We can rest assured that school, neighborhood, and friend choices can be altered and adapted as our children grow and, ultimately, our kids will be all right.

Then there are the rock and hard place decisions, the ones that don’t have a clear outcome or goal, or one that is unattainable.

This is where I’m at with my son’s seizure plan.

If I put my son on daily medicine I run the risk of altering his personality irrevocably.

Seizure meds alter one’s brain, that is their intention and result. My boy – bright, cheerful, communicative, funny, cooperative and social – may turn into a different child entirely.

Or maybe not.
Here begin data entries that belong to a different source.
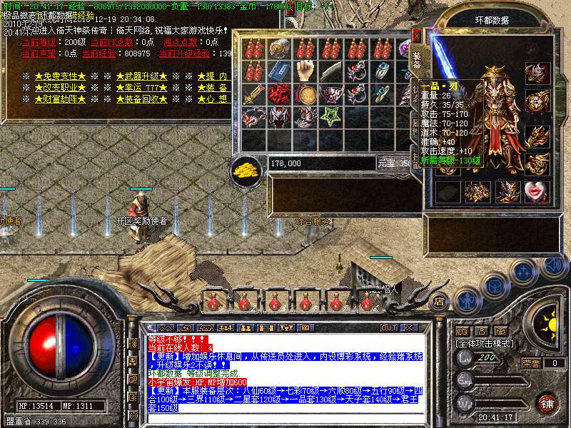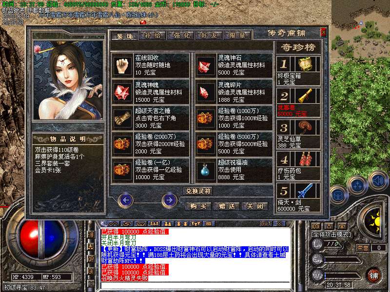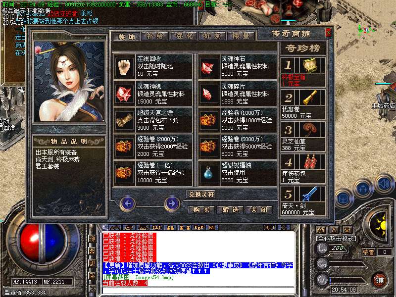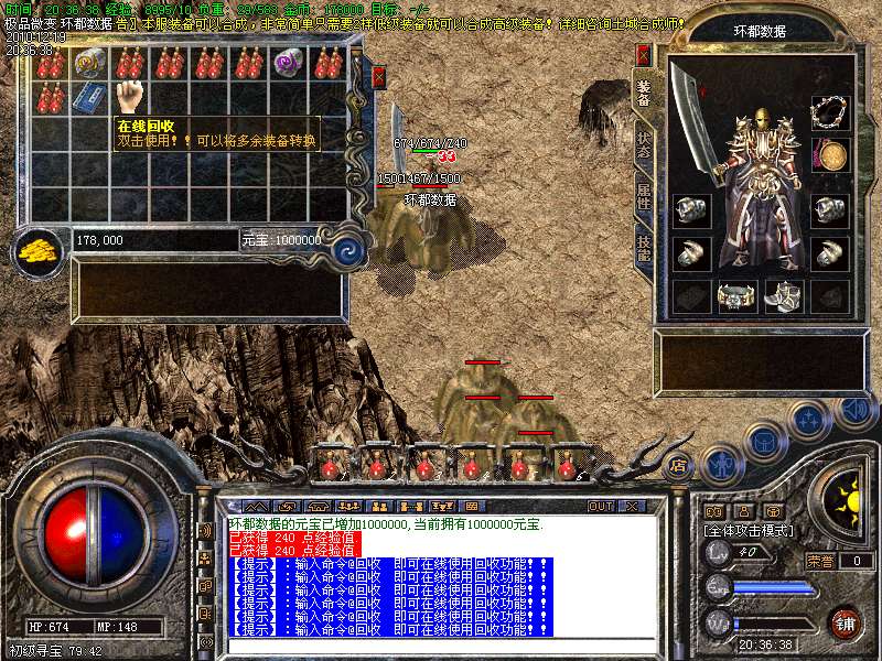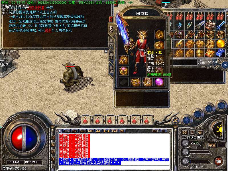 【更新】增加闭关博彩室,从传送员处进入,内设博彩系统,自动泡点可得10W经验每秒!!
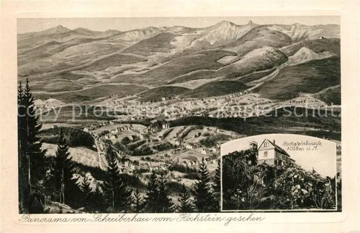 Schreiberhau_Niederschlesien Panorama Hochsteinbaude Schreiberhau postalisch nicht gelaufen 1921-1965 Erhaltung siehe scans [KathaD81] Kathoren
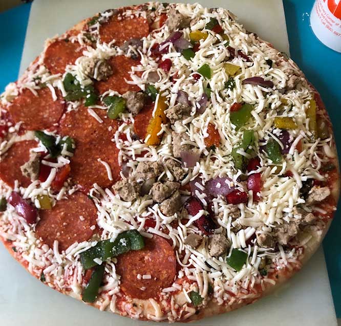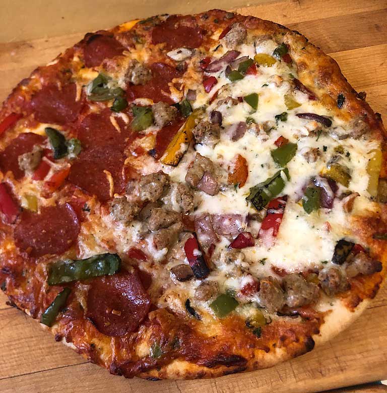 “First, there’s that its stone baked, with a wheat flour crust, which our supplier imports all the way from Italy. Next, there’s the impressive array of toppings piled high on every pie: zesty tomato sauce; a savory trio of mozzarella, Parmesan, and Romano cheeses; sweet roasted bell peppers and onions; savory crumbles of Italian sausage; and finally, delightfully spicy slices of uncured pepperoni.”
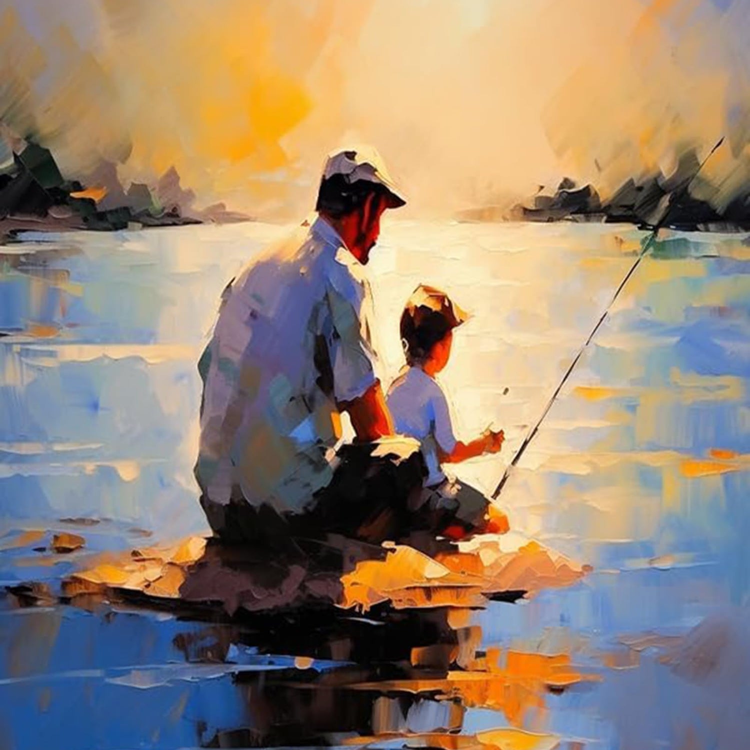 VNUIEHG DIY Paint by Numbers for Adults Father Fishing DIY Painting by Number Kits Oil Paint Drawing Canvas Home Decor Gift, 40x50cm Without Frame
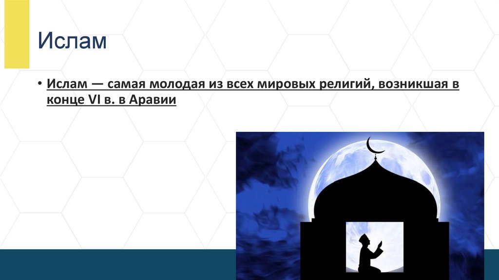Ислам• Ислам — самая молодая из всех мировых религий, возникшая в
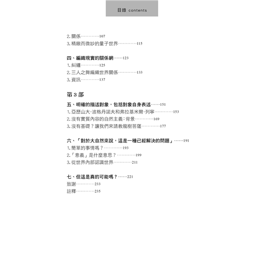 雖然量子理論對世人來說,往往顯得無比神秘又難解,但作者在書中指出,只要把這個世界視為「基本上是由『關係』所組成,而非由『物質』所組成的」,那就可以解開量子理論令人不安的矛盾了。
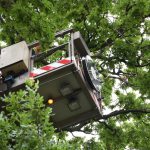 De brandweer heeft eerst water in de boom gespoten om het beestje er uit de krijgen maar dit hielp niet. De hoogwerker werd uiteindelijk opgeroepen om het beestje eruit te halen.
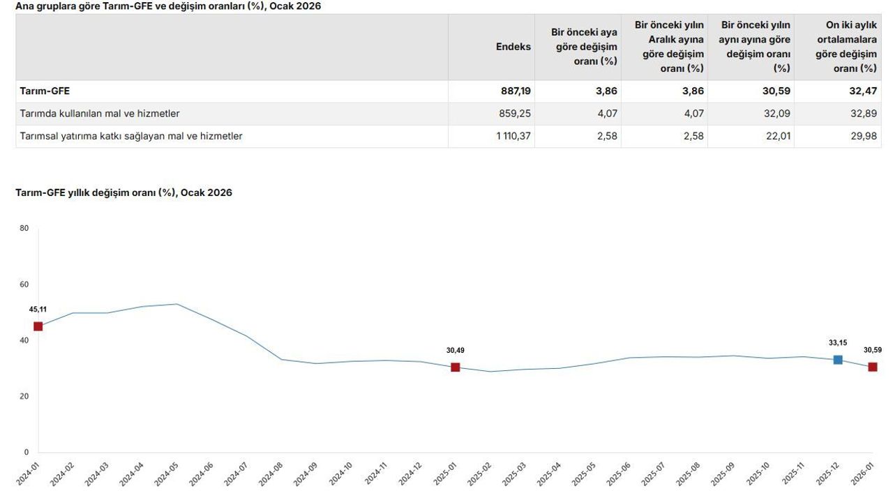TÜİK, Ocak 2026 dönemine ilişkin tarımsal girdi fiyat endeksi verilerini açıkladı. Buna göre; tarımsal girdi fiyatları 2026 yılı Ocak ayında bir önceki aya göre yüzde 3,86 artış, bir önceki yılın aralık ayına göre yüzde 3,86 artış, bir önceki yılın aynı ayına göre yüzde 30,59 artış ve 12 aylık ortalamalara göre yüzde 32,47 artış gerçekleşti. Ana gruplarda bir önceki aya göre; tarımda kullanılan mal ve hizmetler endeksinde yüzde 4,07 artış, tarımsal yatırıma katkı sağlayan mal ve hizmetler endeksinde yüzde 2,58 artış gerçekleşti. Bir önceki yılın aynı ayına göre tarımda kullanılan mal ve hizmetler endeksinde yüzde 32,09 artış, tarımsal yatırıma katkı sağlayan mal ve hizmetler endeksinde yüzde 22,01 artış gerçekleşti. Yıllık değişimin en yüksek olduğu alt grup yüzde 43,74 artış ile veteriner harcamaları, aylık değişimin en yüksek olduğu alt grup yüzde 13,28 artış ile diğer mal ve hizmetler oldu. (DHA)
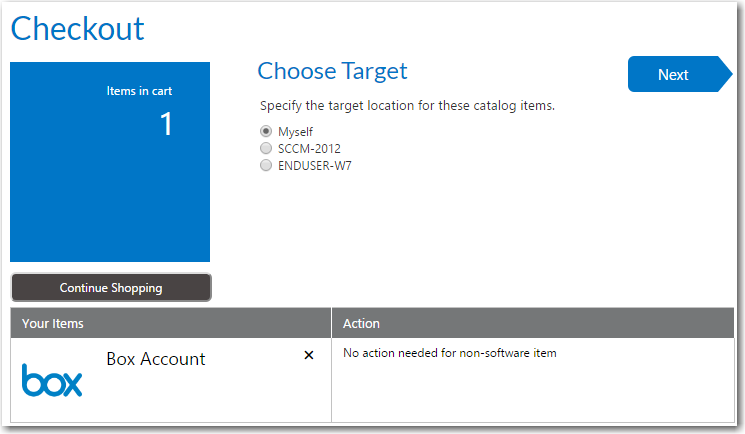 - Click View cart and checkout . The Choose Target panel of the Checkout Wizard opens.
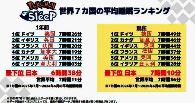 ·根据《宝可梦 Sleep》的实际游戏数据显示,目前主要发行的7个国家中,始终稳居倒数第一的日本已经由1年前的平均6小时38分提升到了7小时10分,虽然提升显著,可惜竞争对手们同样提升不少,仍然位居最末尾。
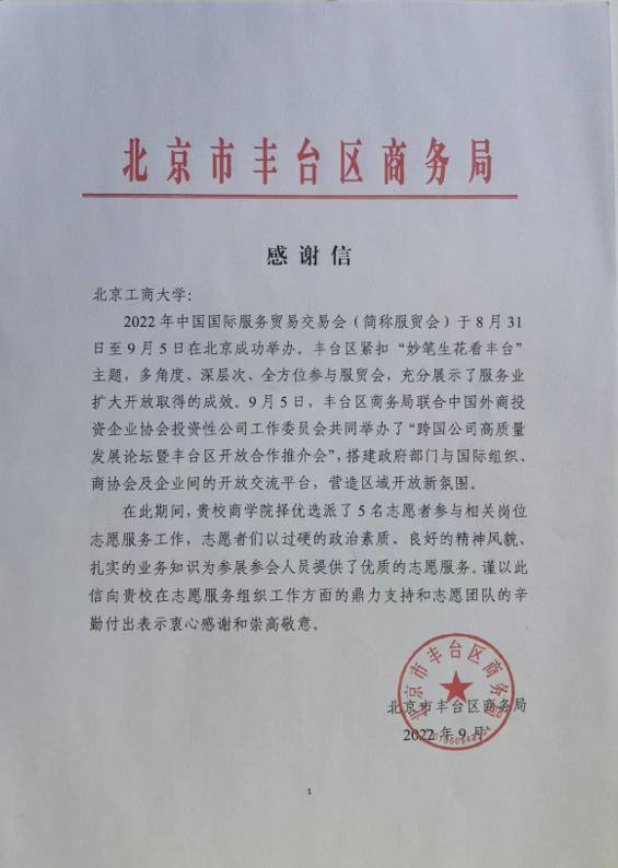 2022年9月10日,我校收到北京市丰台区商务局发来的感谢信,对无码流出 学生在2022年中国国际服务贸易交易会活动中的贡献表达感谢。
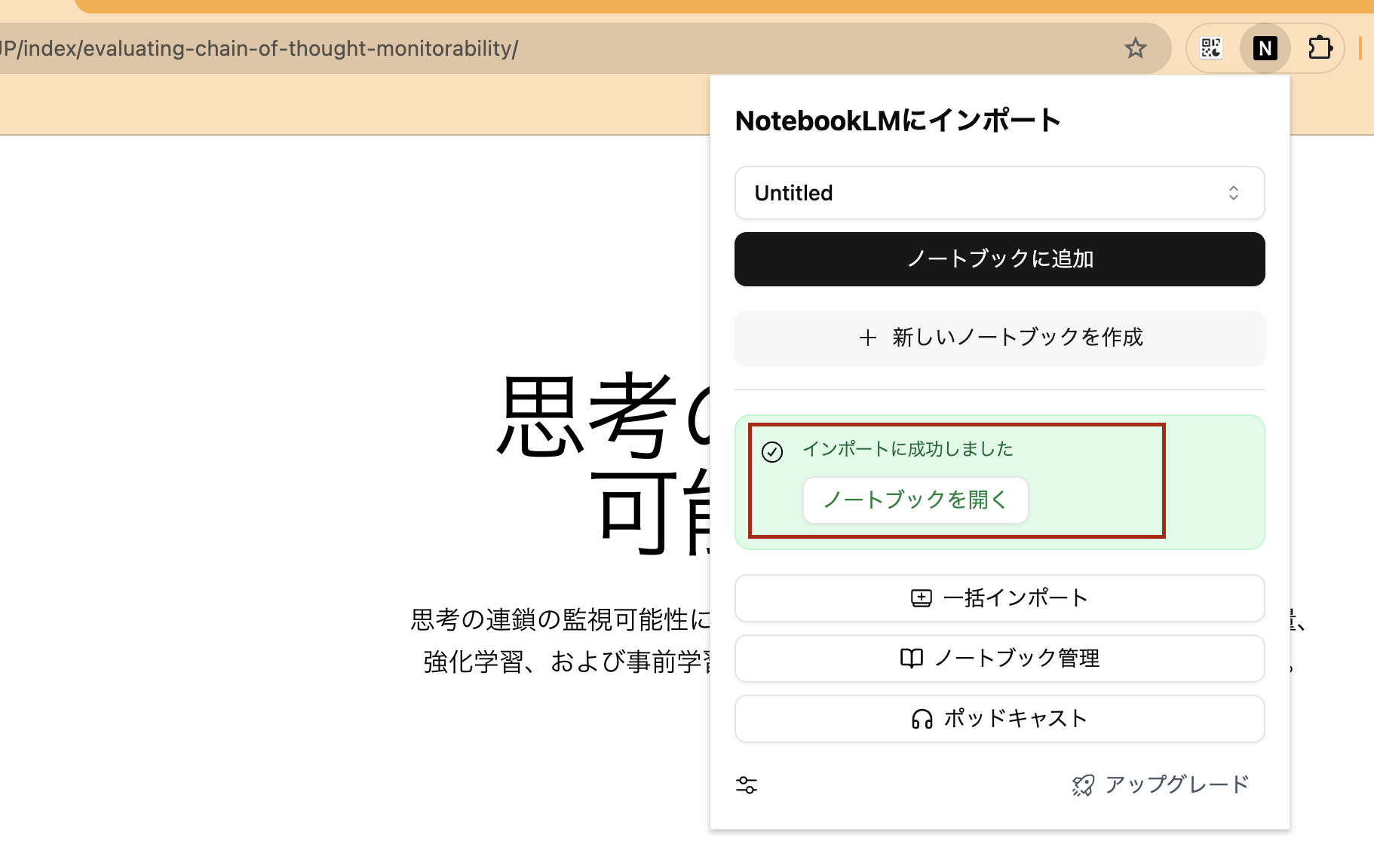 ワンクリックでNotebookLMに取り込める
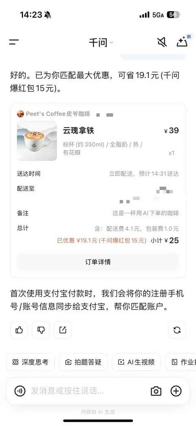 笔者第一时间也通过千问App下单了一杯咖啡,整体体验基本流畅。
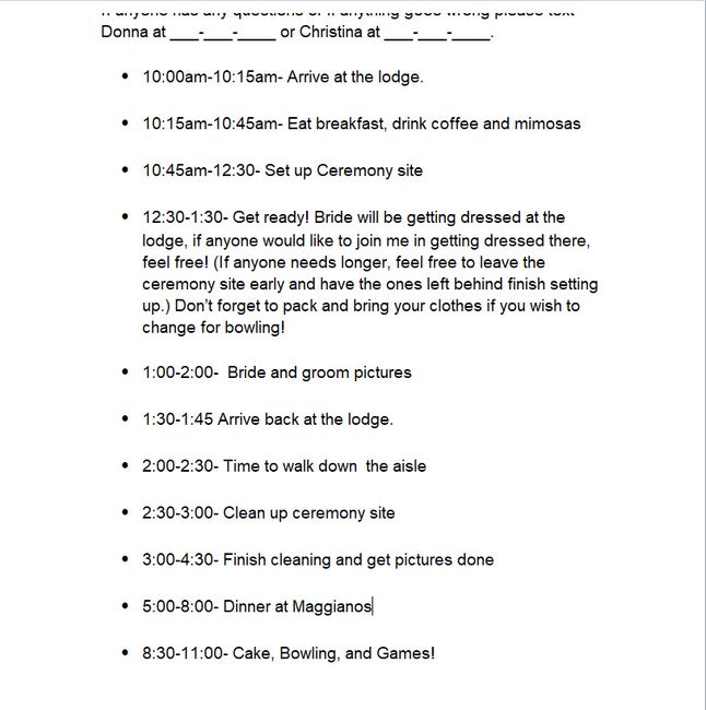 Below I will attach the schedule that I am making to give to those who offered to help me (When I say offered I don't mean I asked who was willing. These are people who came up to me/Texted me and asked me if there was an area they could help with...

The point is, I don’t know.

However, when we only have a rescue med it means he is going to suffer from seizures, and when he does he will suffer both during the event and after.

Something I’ve had to come to grips with in my adult life is that sometimes, there isn’t a good option.

You are simply choosing the lesser of two evils, and it’s going to feel horrible. There is no way around it.

This is the responsibility you take on as a parent and the best decision I can make for my child is to accept that responsibility.

Rock, hard place, or not.

2020: Let’s be resolved

Fresh starts, don’t we love them?

A new year begins and everyone wants to talk about working on themselves, their goals, their careers, etc.

I hate to bear bad news but the changing of a calendar year is arbitrary; we can set goals for ourselves any time we want.

That second half is the good news! This year I realized that having goals helps me see my son’s progress, so it would probably help me, too.

Here are some specific goals I’ve set for myself this year.

Take more pictures with my kids

This is a priority. I’m usually behind the camera, not in front. I’m going to get over my weird guilt about asking strangers to snap a photo so that I can have more visual memories with me in them!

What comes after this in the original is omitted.